SARAN PERTIMBANGAN KPPU
3.
Terkait dengan hubungan pemasok dan peritel
modern, diusulkan agar hal tersebut tidak hanya
menyangkut pemasok kecil, tetapi juga pemasok
menengah dan besar. Hal tersebut mengingat
daya tawar ritel modern yang sangat tinggi tidak
hanya berefek terhadap pelaku usaha kecil saja
tetapi juga usaha menengah dan besar.
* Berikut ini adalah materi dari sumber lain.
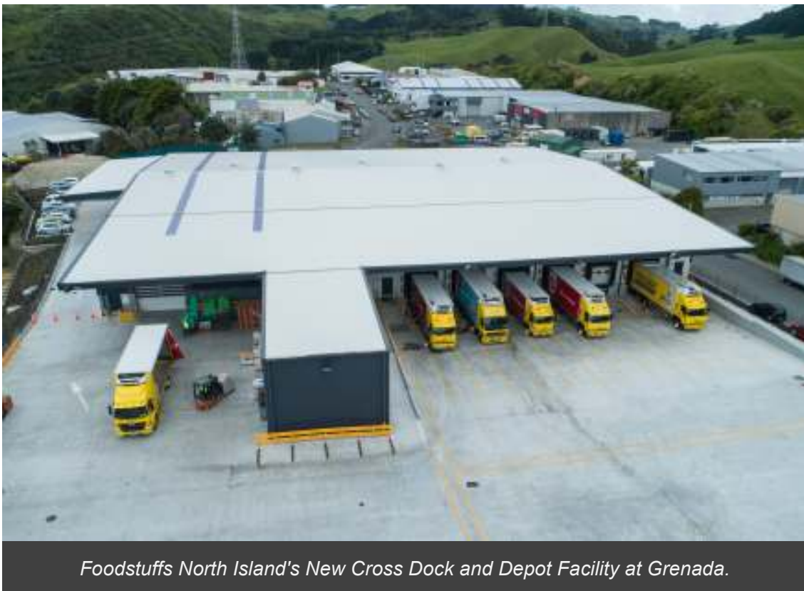
Foodstuffs North Island's New Cross Dock and Depot Facility at Grenada.

The facility will serve as a vital hub for receiving bulk orders of milk as-well-as chilled, frozen, and produce orders from Foodstuffs North Island's Palmerston North distribution centres. The new facility will receive these larger orders while teams efficiently breakdown, sort, pick and dispatch final deliveries to individual stores across the Wellington region utilising a fleet of smaller trucks. Regional suppliers will also benefit from being able to use the site for delivering goods destined for Foodstuffs North Island's larger distribution centres across the North Island.

Selain itu,
dalam pengaturan juga perlu ditegaskan bahwa
segala bentuk hubungan transaksi antara
pemasok dan peritel modern tidak boleh
bertentangan dengan prinsip-prinsip persaingan
usaha yang sehat.
SARAN PERTIMBANGAN KPPU
4.
Apabila keterlibatan KPPU mau didefinisikan
secara eksplisit dalam substansi pengaturan,
maka diusulkan terdapat klausul tambahan dalam
bab/pasal tersendiri sebagai berikut :
Larangan Praktek Monopoli dan Persaingan Usaha Tidak
Sehat
–
Pelaku usaha ritel dilarang melakukan kegiatan yang
dapat mengakibatkan terjadinya praktek monopoli dan
persaingan usaha tidak sehat.
–
Larangan sebagaimana dimaksud pada ayat (1) sesuai
dengan UU No 5 Tahun 1999 tentang Larangan Praktek
Monopoli dan Persaingan Usaha Tidak Sehat.